What is commit ratio of database?
SELECT
datname,
round(
(
xact_commit :: float * 100 /(xact_commit + xact_rollback)
):: numeric,
2
) as successful_xact_ratio
FROM
pg_stat_database
WHERE
datname not in (
'postgres', 'template0', 'template1'
);
We must engage with the application team to determine why there are so many transaction rollbacks if the commit percentage is less than 95%. Consider a scenario where many of your transactions contain DML which can result in fragmentation.
Get the temp file usage of database?
select
datname,
temp_files,
round(temp_bytes / 1024 / 1024, 2) as temp_filesize_MB
from
pg_stat_database
WHERE
datname not in (
'postgres', 'template0', 'template1'
)
and temp_files > 0;
Use the log_temp_files parameter to log queries utilizing the temp files and modify the queries if you see that the temp files and bytes are high.
Frequency of checkpoints?
select * from pg_stat_bgwriter;
There are two important columns checkpoints_req, checkpoints_timed. If the checkpoints_req is more than the checkpoints_timed, PostgreSQL is doing checkpoints due to the high WAL generation.

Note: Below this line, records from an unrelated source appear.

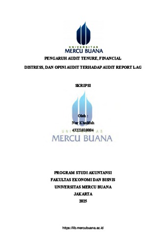 KHOLIFAH, NUR (2025) PENGARUH AUDIT TENURE, FINANCIAL DISTRESS, DAN OPINI AUDIT TERHADAP AUDIT REPORT LAG. S1 thesis, Universitas Mercu Buana.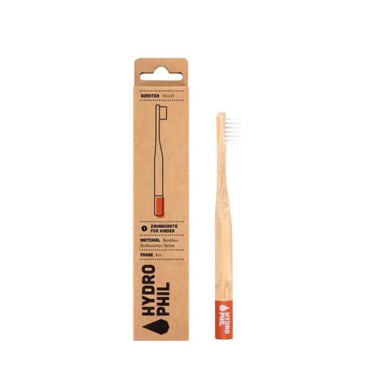 Nachhaltige Kinderzahnbürste Bambus extra weich rot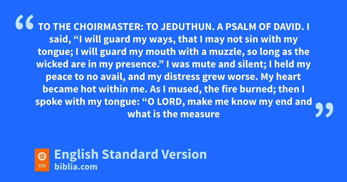 39 To the choirmaster: to vJeduthun. A Psalm of David.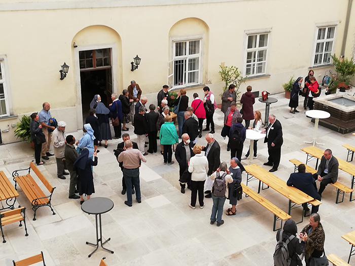 Die anschließende Vesper stand unter dem Motto: „Im Gebet sollen Sie das Feuer holen“; sie wurde stimmungsvoll von Sr. Maria Schlackl geleitet. Den Abschluss bildete eine Agape im Innenhof von St. Michael.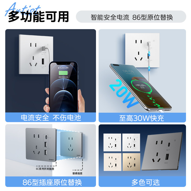 正泰开关插座86型typec快充多口usb五孔20W带接口充电30w插座面板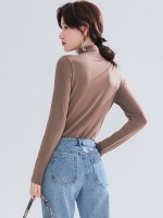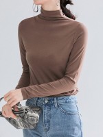Khaki CHIC Stand Collar Long Sleeves Knit Sweaters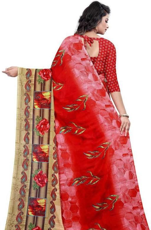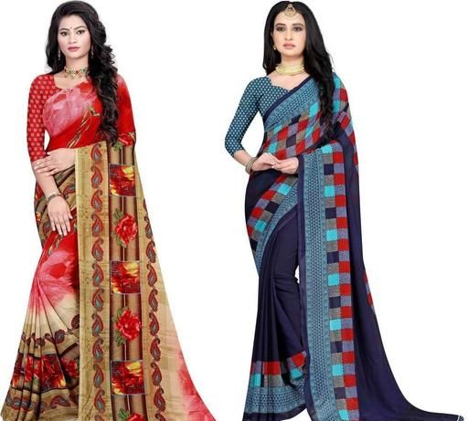 Georgette Printed Daily / Party & Festive Wear Combo of 2 Stylist Fashionable Saree With Blouse pieces ( Red , Blue )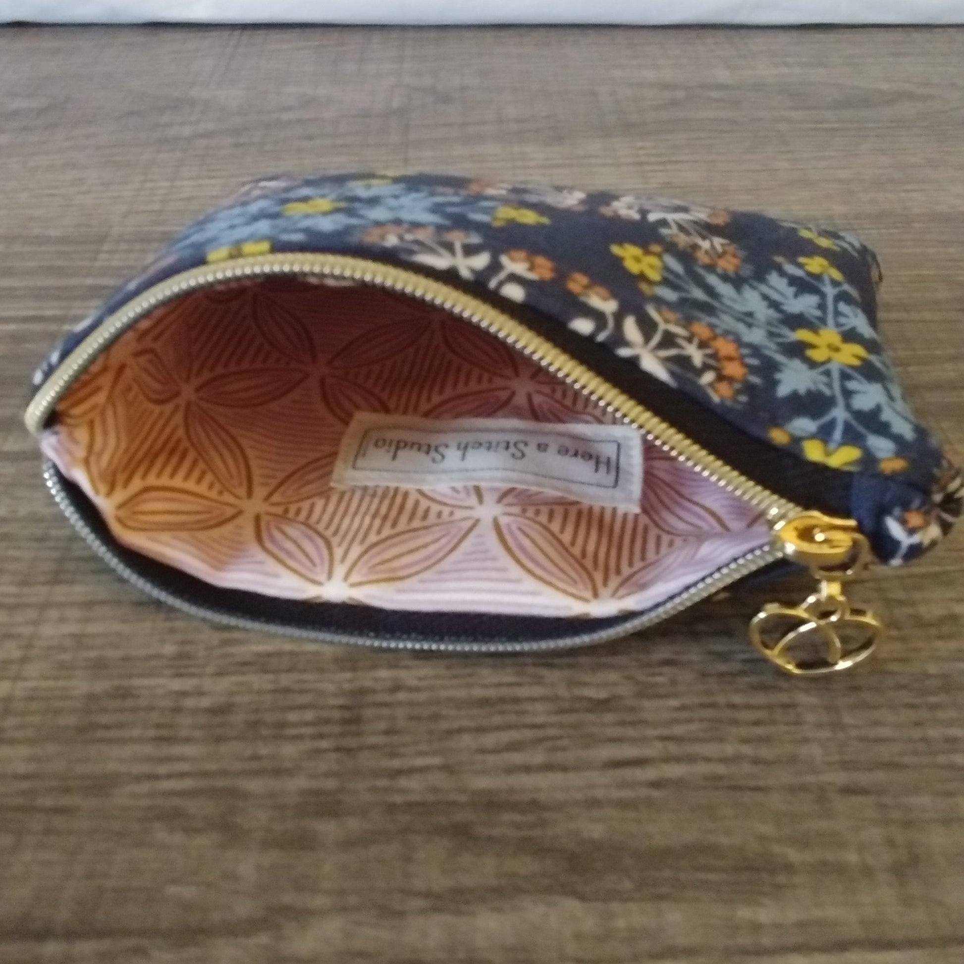 The exterior and interior of the pouch are made from 100% cotton fabric in blue with a floral print, and both are interfaced for extra durability. Each pouch has a metal zipper made with a heart shaped zipper pull in a gold finish.

If the checkpoints are happening frequently it will cause more IO load on the machine so increase the max_wal_size parameter.

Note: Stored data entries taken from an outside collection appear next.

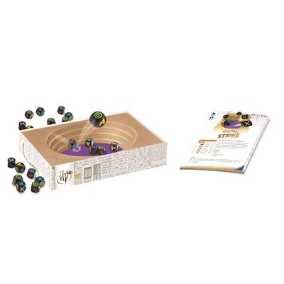 Jetez vos dés dans l’arène pour obtenir des symboles identiques et lancer les plus grands sortilèges du Monde des Sorciers ! Chaque sortilège vous fera perdre ou gagner de nouveaux dés. Le ou la dernière à posséder encore des dés à la fin de la partie deviendra le(la) champion(ne) de la bataille des Sorciers !
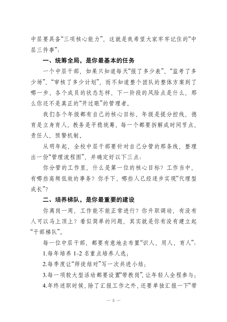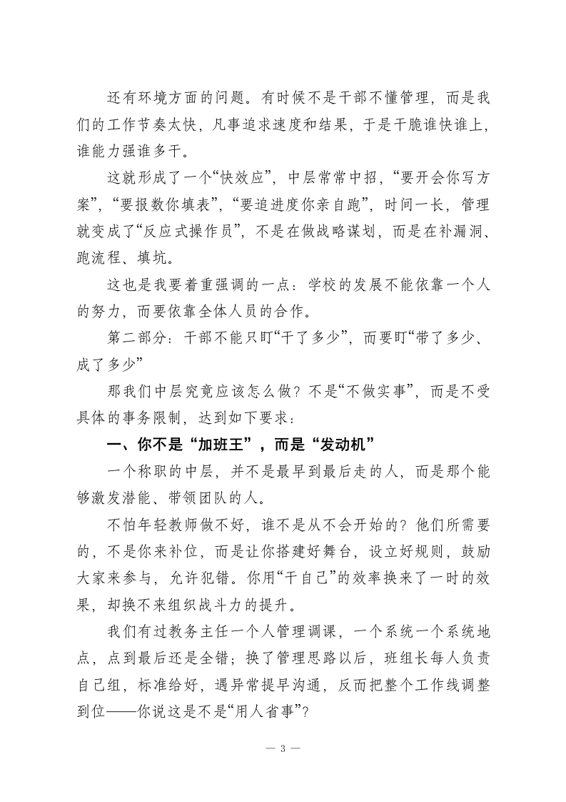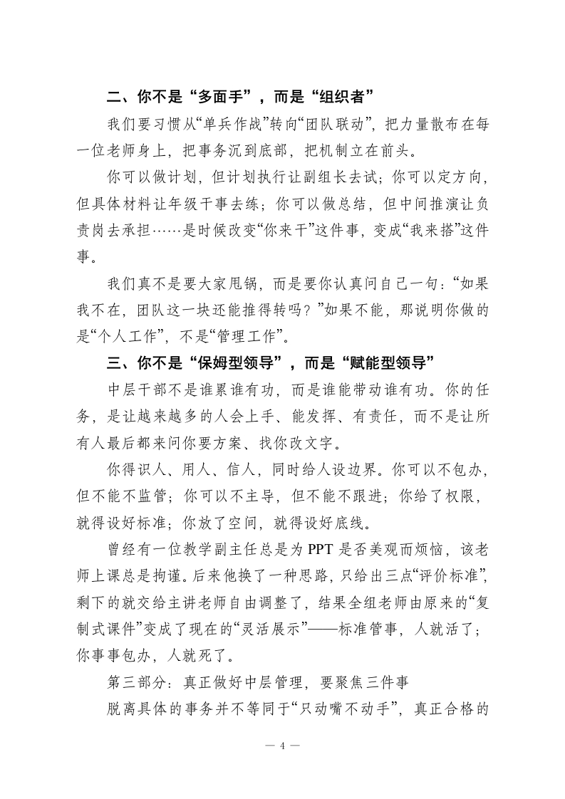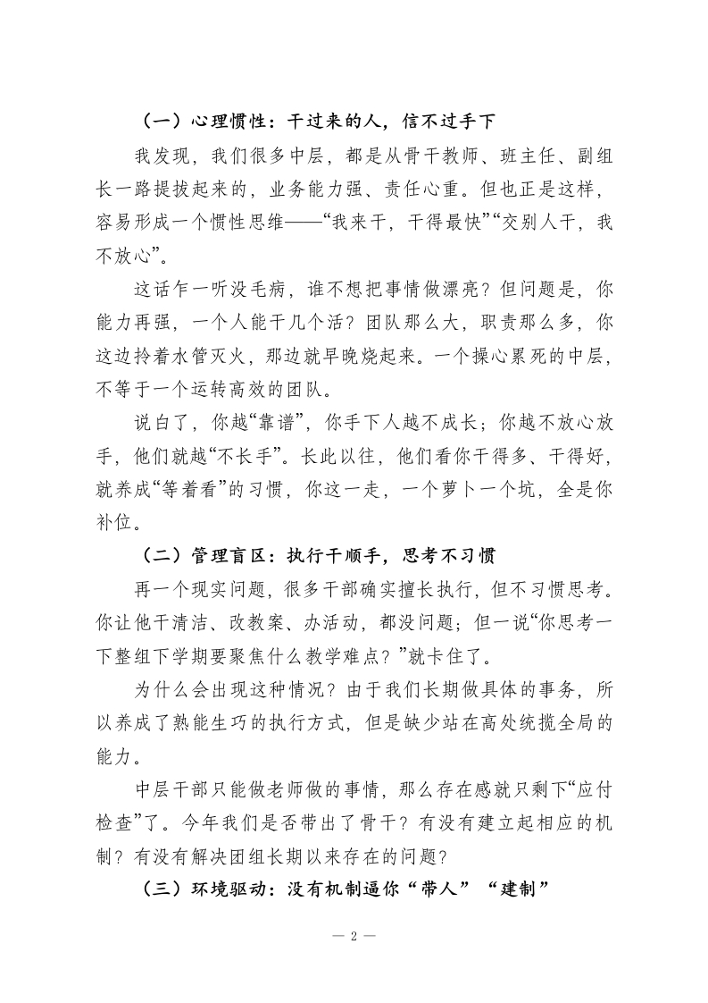 学校行政中层班子会上,校长讲话:从“忙碌感”到“成效感”,走出低效勤奋,带团队干成事!各位行政中层同仁:大家下午好!今天这场会,我想认真地、坦率地,跟大家聊一聊我们中层管理的“常见病”和“解决办法”。这些年,我越来越觉得,我们学校不少中层骨干,确确实实是好同志:责任心强、能吃苦耐劳、早来晚走、事必躬亲,累得焦头烂额,自己都快成“多面手”“全能型”了。但问题来了:你忙是你在忙,结果却不是团队在产出。有经验的领导都知道,管理岗位最大的误区,就是陷进去了,出不来了。埋头苦干有干劲,但如果一直“手把手”“亲历亲为”,忽略了统筹协调、激发团队,那早晚精力被掏空,团队也被“管废”。有位一线校长说得好,中层干部最怕的状态,不是偷懒摆烂,而是“低效的勤奋、瞎忙的充实”。听起来像句笑话,但现实中还真不少干部陷在里面,浑身汗,全是白出。所以今天,我想和大家换个角度,不讲职责、不讲规章,专门讲一件事:怎么从忙中脱身,把自己从事务的泥潭里拔出来,真正做到带团队干成事。第一部分:我们为什么会陷进“具体事”,出不来?1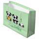 3 Cute Little Pandas on Green Large Gift Bag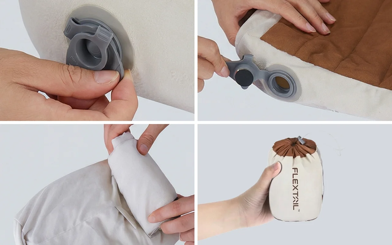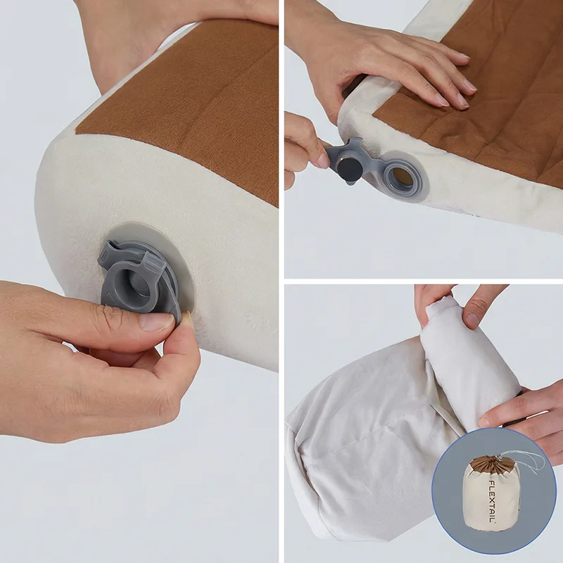 Blåser seg raskt opp og gir en behagelig støtte for lurer.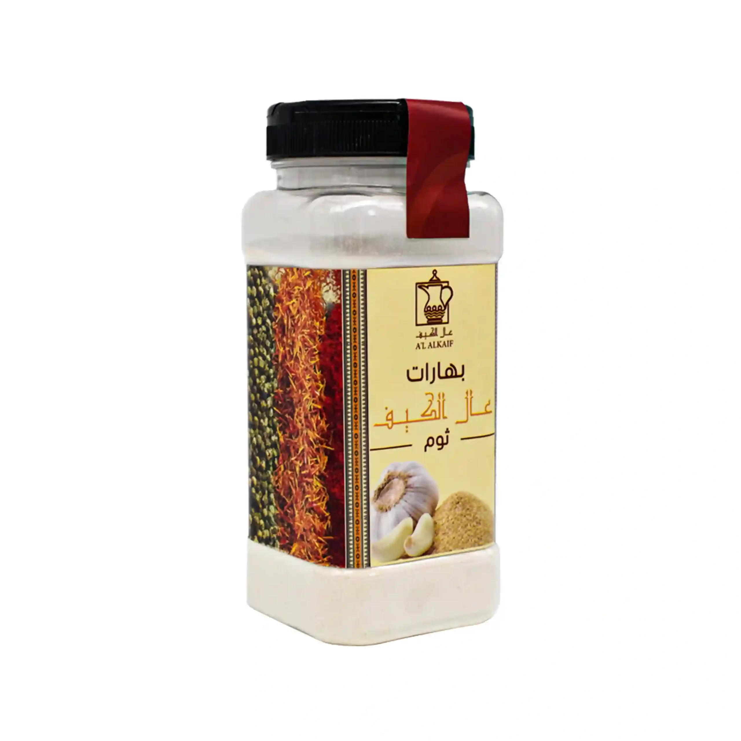 هو منتج طبيعي يتميز بنكهة الثوم الغنية والقوية. تتميز هذه البودرة بالنعومة والقوام الخفيف، مما يجعلها سهلة الاستخدام في تحضير مجموعة متنوعة من الأطباق.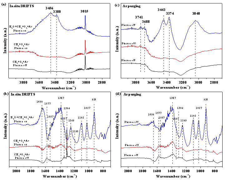 2. 等離子體原位紅外和原位原子發(fā)射光譜表征結(jié)果證明:水蒸氣促進了化學(xué)吸附的烴類物質(zhì)的選擇性氧化。

Use below query to find the frequency of the checkpoints
WITH sub as (
SELECT
EXTRACT(
EPOCH
FROM
(now() - stats_reset)
) AS seconds_since_start,
(
checkpoints_timed + checkpoints_req
) AS total_checkpoints
FROM
pg_stat_bgwriter
)
SELECT
total_checkpoints,
seconds_since_start / total_checkpoints / 60 AS minutes_between_checkpoints
FROM
sub;
To determine how much data is being written for each checkpoint, set log_checkpoints. If not, we may use this query to determine how many blocks were written during the checkpoint.

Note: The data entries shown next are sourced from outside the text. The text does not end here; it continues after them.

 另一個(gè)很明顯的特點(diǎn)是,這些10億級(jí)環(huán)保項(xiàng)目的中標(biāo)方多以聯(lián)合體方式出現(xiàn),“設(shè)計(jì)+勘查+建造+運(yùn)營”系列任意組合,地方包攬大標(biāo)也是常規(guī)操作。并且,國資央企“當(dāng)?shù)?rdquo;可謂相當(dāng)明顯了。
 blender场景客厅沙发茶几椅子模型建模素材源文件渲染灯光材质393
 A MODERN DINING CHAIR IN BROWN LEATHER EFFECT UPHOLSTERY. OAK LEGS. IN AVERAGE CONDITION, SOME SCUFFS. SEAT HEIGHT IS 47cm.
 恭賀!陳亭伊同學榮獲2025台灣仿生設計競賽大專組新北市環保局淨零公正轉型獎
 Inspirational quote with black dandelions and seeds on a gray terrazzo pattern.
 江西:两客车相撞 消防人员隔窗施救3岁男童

select buffers_checkpoint/(checkpoints_timed+checkpoints_req) from pg_stat_bgwriter
Get top five tables with highest sequential scans?
SELECT schemaname, relname, seq_scan, seq_tup_read, seq_tup_read / seq_scan as avg_seq_tup_read FROM pg_stat_all_tables WHERE seq_scan > 0 and pg_total_relation_size(schemaname || '.' || relname) > 104857600 and schemaname not like 'pg_%' ORDER BY 5 DESC LIMIT 5;
This query will display all tables with more consecutive scans and a size greater than 100MB.
Find tables with low hot updates?
To know the hot updates in PostgreSQL refer – https://www.postgresql.org/docs/current/storage-hot.html.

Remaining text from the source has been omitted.